DATA TO USE:
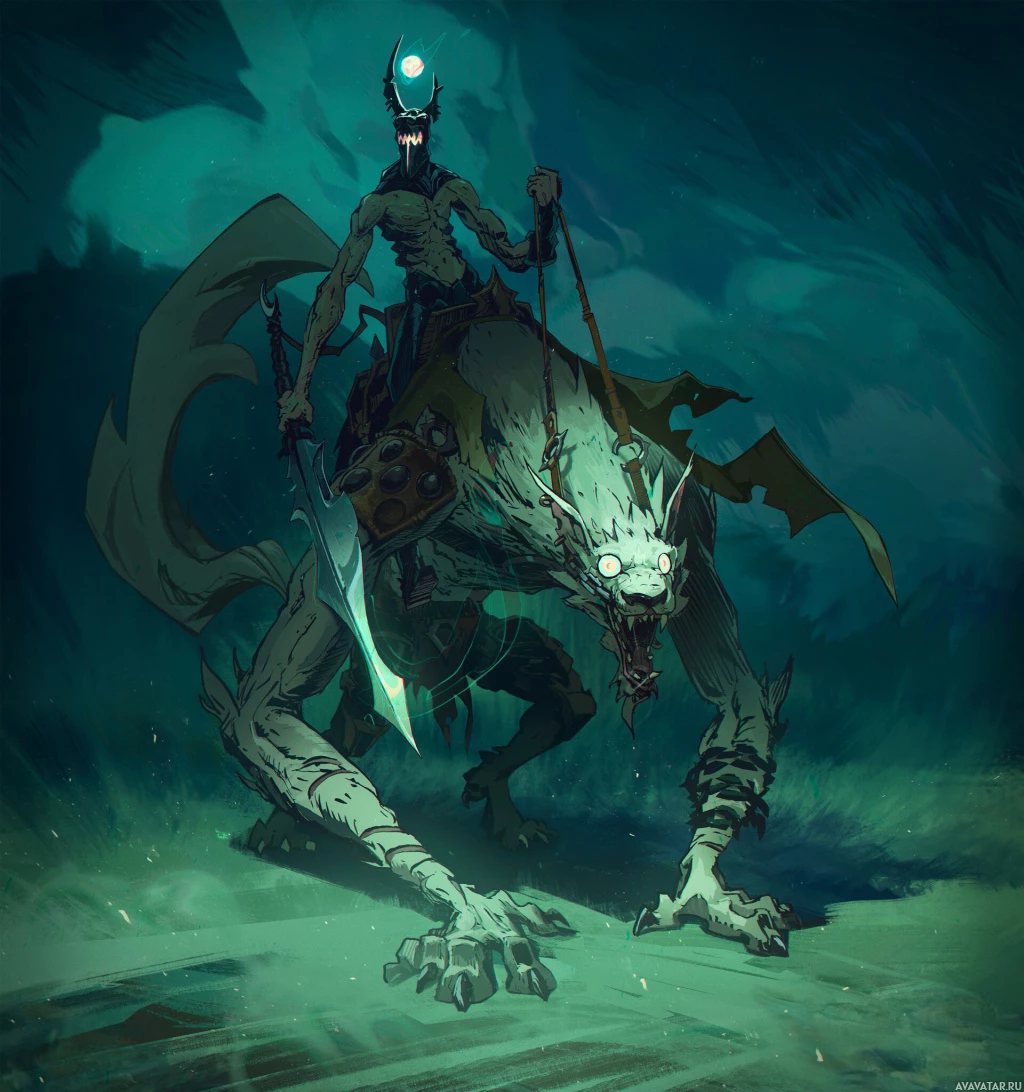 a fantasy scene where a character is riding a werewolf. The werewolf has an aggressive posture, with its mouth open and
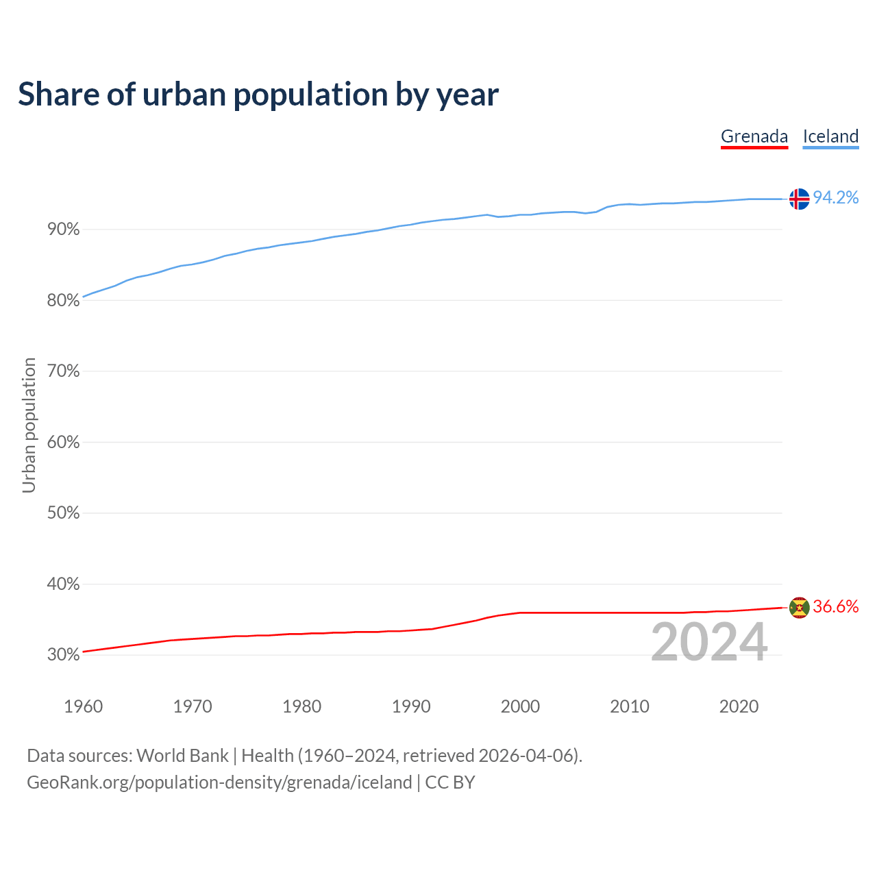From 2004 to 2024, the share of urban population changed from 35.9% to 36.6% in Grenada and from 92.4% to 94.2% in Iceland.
==
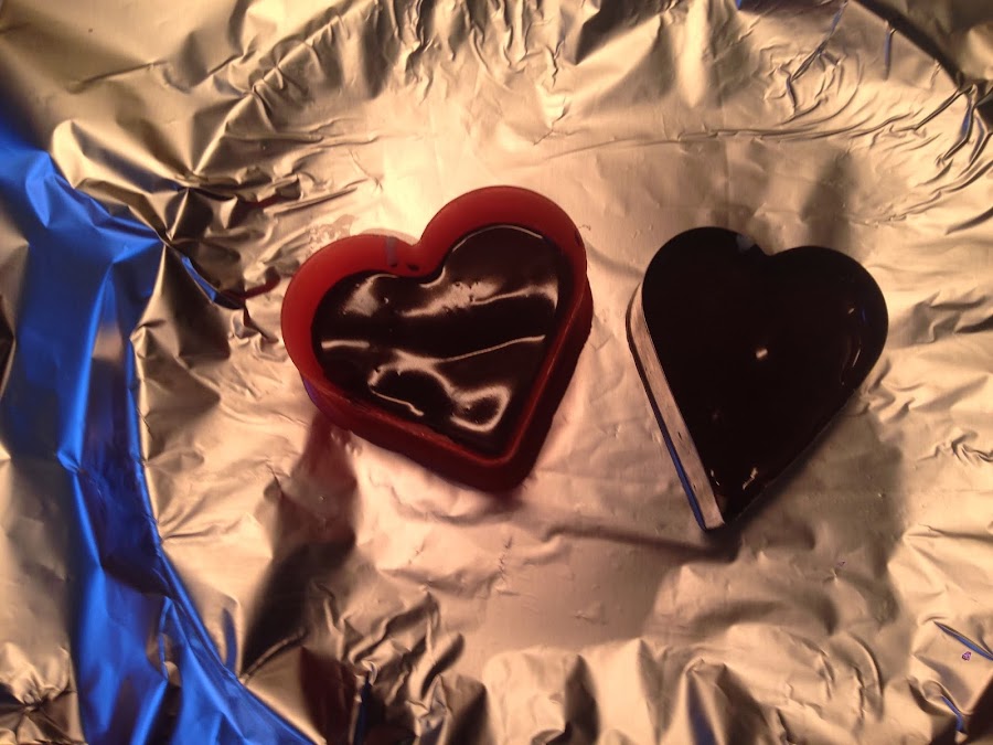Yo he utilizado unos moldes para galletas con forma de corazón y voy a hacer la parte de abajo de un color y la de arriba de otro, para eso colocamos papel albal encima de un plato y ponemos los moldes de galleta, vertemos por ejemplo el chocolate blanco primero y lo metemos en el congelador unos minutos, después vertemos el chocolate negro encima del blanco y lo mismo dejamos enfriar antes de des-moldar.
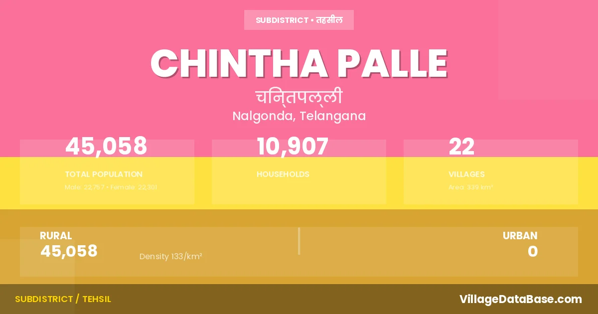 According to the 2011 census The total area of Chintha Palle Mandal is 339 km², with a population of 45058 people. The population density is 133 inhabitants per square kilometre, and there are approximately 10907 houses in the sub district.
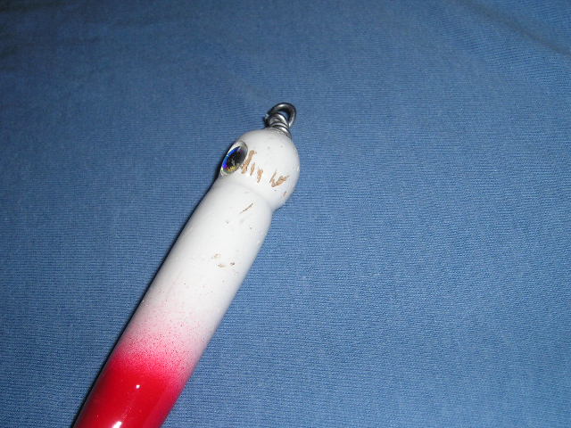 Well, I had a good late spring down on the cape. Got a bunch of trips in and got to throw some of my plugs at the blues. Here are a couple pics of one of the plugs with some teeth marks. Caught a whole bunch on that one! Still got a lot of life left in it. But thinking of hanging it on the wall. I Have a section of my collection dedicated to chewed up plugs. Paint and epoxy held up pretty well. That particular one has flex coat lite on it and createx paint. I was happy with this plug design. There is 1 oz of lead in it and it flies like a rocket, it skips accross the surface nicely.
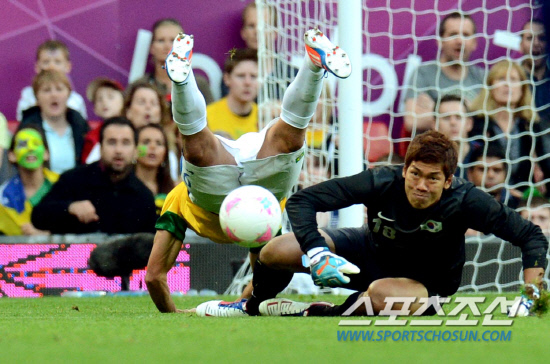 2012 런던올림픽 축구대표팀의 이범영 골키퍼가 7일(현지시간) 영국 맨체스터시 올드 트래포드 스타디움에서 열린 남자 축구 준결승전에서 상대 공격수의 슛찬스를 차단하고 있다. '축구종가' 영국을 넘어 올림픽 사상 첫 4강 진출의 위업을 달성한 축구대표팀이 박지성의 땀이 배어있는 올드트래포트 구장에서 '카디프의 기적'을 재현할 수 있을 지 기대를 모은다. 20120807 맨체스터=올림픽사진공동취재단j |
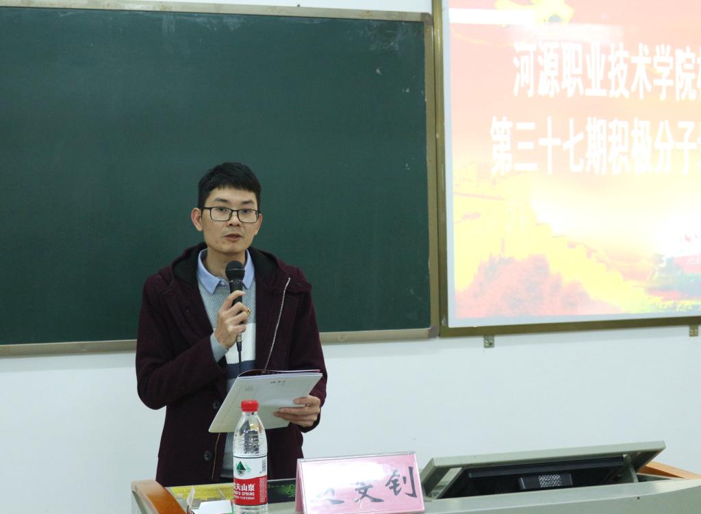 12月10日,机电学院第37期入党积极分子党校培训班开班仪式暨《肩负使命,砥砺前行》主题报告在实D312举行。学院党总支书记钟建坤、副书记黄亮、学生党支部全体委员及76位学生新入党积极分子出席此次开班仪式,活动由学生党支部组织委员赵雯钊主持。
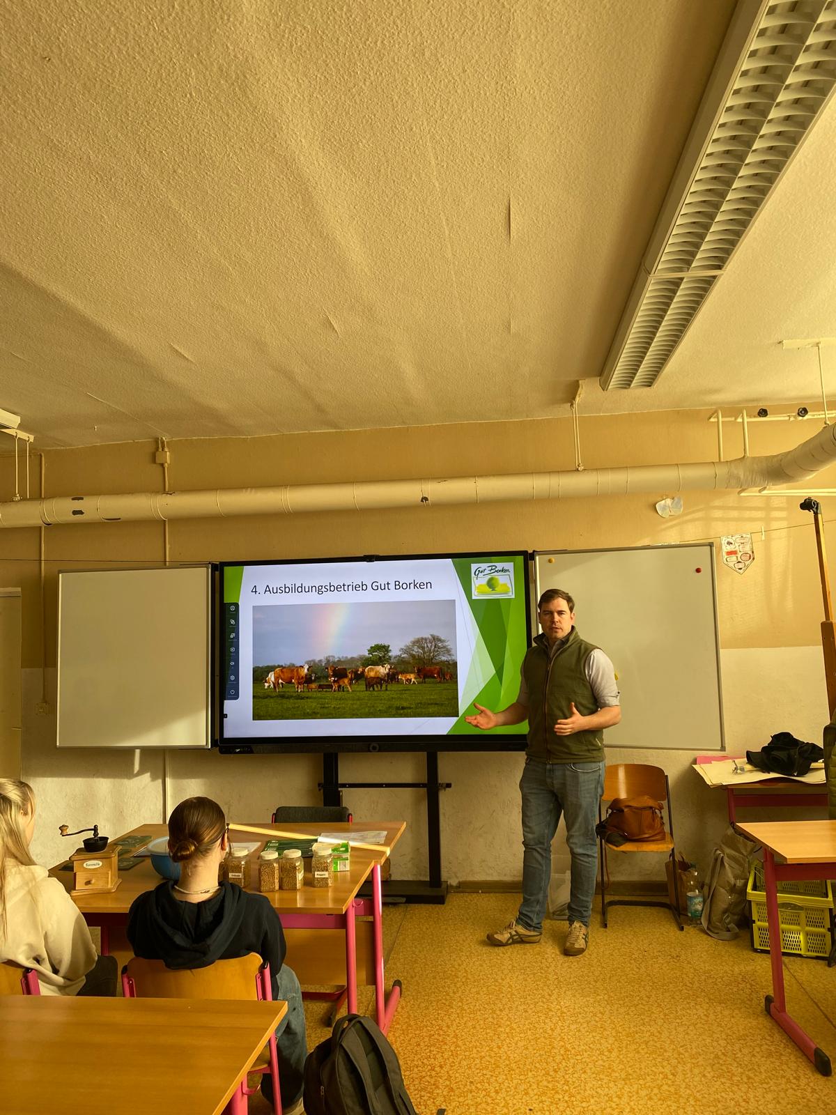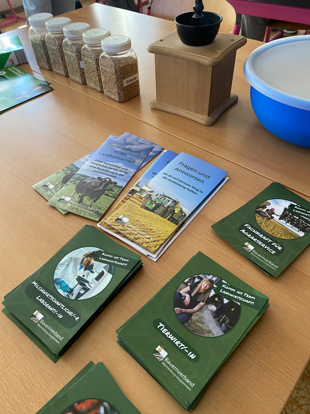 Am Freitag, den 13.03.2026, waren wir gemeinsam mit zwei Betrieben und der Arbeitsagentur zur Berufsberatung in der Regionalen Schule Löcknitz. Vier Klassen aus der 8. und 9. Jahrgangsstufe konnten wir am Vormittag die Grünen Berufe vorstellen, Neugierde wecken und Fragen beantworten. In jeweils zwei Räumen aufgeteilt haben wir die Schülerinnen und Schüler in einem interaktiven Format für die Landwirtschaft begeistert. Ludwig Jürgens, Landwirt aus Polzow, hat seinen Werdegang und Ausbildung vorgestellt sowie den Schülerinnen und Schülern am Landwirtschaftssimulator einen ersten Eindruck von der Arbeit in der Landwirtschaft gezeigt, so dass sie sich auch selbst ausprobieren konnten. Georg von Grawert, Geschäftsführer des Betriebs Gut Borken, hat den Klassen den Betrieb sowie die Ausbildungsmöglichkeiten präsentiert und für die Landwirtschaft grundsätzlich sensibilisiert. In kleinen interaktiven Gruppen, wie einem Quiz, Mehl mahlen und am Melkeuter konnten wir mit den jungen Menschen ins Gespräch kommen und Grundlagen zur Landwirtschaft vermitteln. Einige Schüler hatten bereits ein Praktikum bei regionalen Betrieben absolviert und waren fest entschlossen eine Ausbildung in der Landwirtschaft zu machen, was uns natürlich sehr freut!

TASK DIRECTIONS:
The material above holds pictures; leave them out and set down exactly the lines from the line with "Well, I had" to the line with "2012 런던올림픽 축구대표팀의", both included.

FINISHED TASK:
 Well, I had a good late spring down on the cape. Got a bunch of trips in and got to throw some of my plugs at the blues. Here are a couple pics of one of the plugs with some teeth marks. Caught a whole bunch on that one! Still got a lot of life left in it. But thinking of hanging it on the wall. I Have a section of my collection dedicated to chewed up plugs. Paint and epoxy held up pretty well. That particular one has flex coat lite on it and createx paint. I was happy with this plug design. There is 1 oz of lead in it and it flies like a rocket, it skips accross the surface nicely.
 2012 런던올림픽 축구대표팀의 이범영 골키퍼가 7일(현지시간) 영국 맨체스터시 올드 트래포드 스타디움에서 열린 남자 축구 준결승전에서 상대 공격수의 슛찬스를 차단하고 있다. '축구종가' 영국을 넘어 올림픽 사상 첫 4강 진출의 위업을 달성한 축구대표팀이 박지성의 땀이 배어있는 올드트래포트 구장에서 '카디프의 기적'을 재현할 수 있을 지 기대를 모은다. 20120807 맨체스터=올림픽사진공동취재단j |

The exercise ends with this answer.